A 3D volume rendering technique reconstruction showing RAMI anatomy with the left internal mammary artery and saphenous vein grafts present.

Discussion

During embryonic development, six pairs of aortic arches develop, with the left fourth arch normally forming the final aortic arch seen after birth. The right fourth arch normally disappears, resulting in the normal mature aorta arching to the left and descending the thorax to the left of the spine. If the left fourth arch disappears and the right persists, a right aortic arch develops and if both persist, a double aortic arch (vascular ring) forms.

Right aortic arch is a rare congenital defect and there are several classifications proposed based on the arrangement of the arch vessels, relationship with the oesophagus and whether there are associated congenital cardiac defects. ⁵ One classification suggests two variants: Type 1, the left subclavian artery originates with the left common carotid artery (or just proximal) and is effectively the mirror image of normal anatomy. Type 2, aberrant left subclavian artery arising as the last branch of the right-sided aortic arch or from a Kommerell’s diverticulum (left dorsal aortic arch remnant). ⁶

A right aortic arch is seen in 0.01%–0.1% of the population, and patients can present at any age with symptoms and signs of airway or oesophageal compression, complications of cardiac defects or merely be picked up due to abnormal imaging.^7,8 RAMI found on CT scanning of adults is extremely rare, with a reported incidence of 0.012%–0.018% and is associated with aneurysmal dilatation of the aorta,^9,10 suggesting inherent weakness of the aortic wall compared to the normal configuration.
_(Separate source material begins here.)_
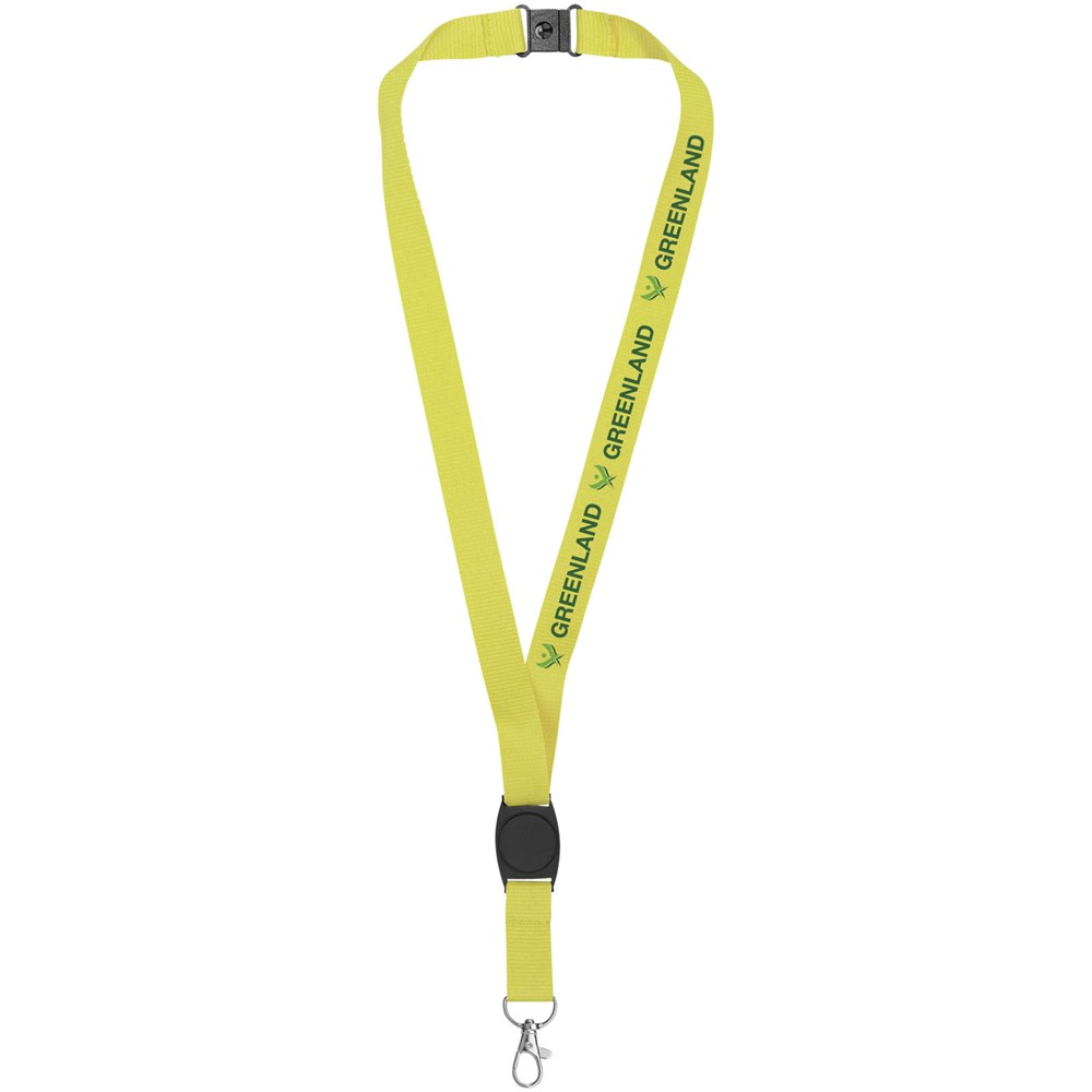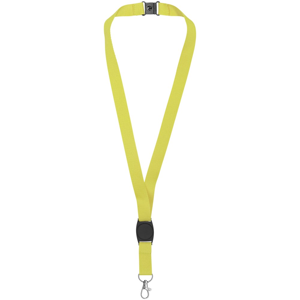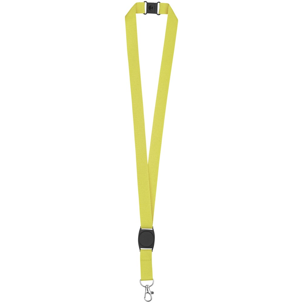 Lanyard voor het bevestigen van een badgehouder, ID-kaart of sleutels. Inclusief kunststof middenstuk voor logo-decoratie. De neksluiting elimineert verstikkingsgevaren.

In RAMI, the first branch is the left innominate (brachiocephalic) artery, followed by the right carotid artery and then the right subclavian artery. While RAMI does not cause any compression, the patient may present due to the associated cardiac defects and is therefore usually found in childhood.^1,7

Surgery for acquired cardiac disease has rarely been performed on RAMI patients, but a mitral valve replacement (rheumatic heart disease) has been reported, ¹¹ but there are no reported cases of RAMI patients undergoing coronary artery bypass surgery. This patient had a short ascending aorta prior to the left innominate artery arising inside the pericardium, but fortunately, there was enough room for cannulation and both proximal ends of the bypass grafts to be secured to the aorta. The LIMA had completely normal anatomy and excellent flow; RAMI is associated with subclavian abnormalities and this could have impacted the use of this conduit.^1,7 The fact that the patient had RAMI increased the chance that there could have been other congenital anomalies, including those of the coronary arteries (ruled out by the coronary angiogram), but echocardiography and CT scanning showed no other abnormalities were present.
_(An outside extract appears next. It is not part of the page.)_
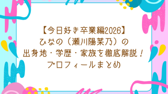 今日好きになりました 【今日好き卒業編2026】ひなの(瀬川陽菜乃)の出身地・学歴・家族を徹底解説!プロフィールまとめ

The increasing use of the radial artery for coronary artery catheterization means that abnormalities of the aorta and its branches may be less likely to be found pre-operatively and so aortic anomalies may be increasingly seen incidentally during cardiac surgery for acquired cardiac disease. The femoral approach for cardiac catheterization allows for screening of the whole aorta as the guidewires are advanced towards the heart under x-ray screening, so revealing the exact anatomy and any associated stenoses.

Conclusion

RAMI is a rare congenital anomaly usually diagnosed in childhood due to the associated congenital cardiac defects (98%), and it is unusual to diagnose it in adulthood. There are very few cases of cardiac surgery being performed for acquired cardiac disease on a patient with congenital RAMI and we present such a case and its imaging.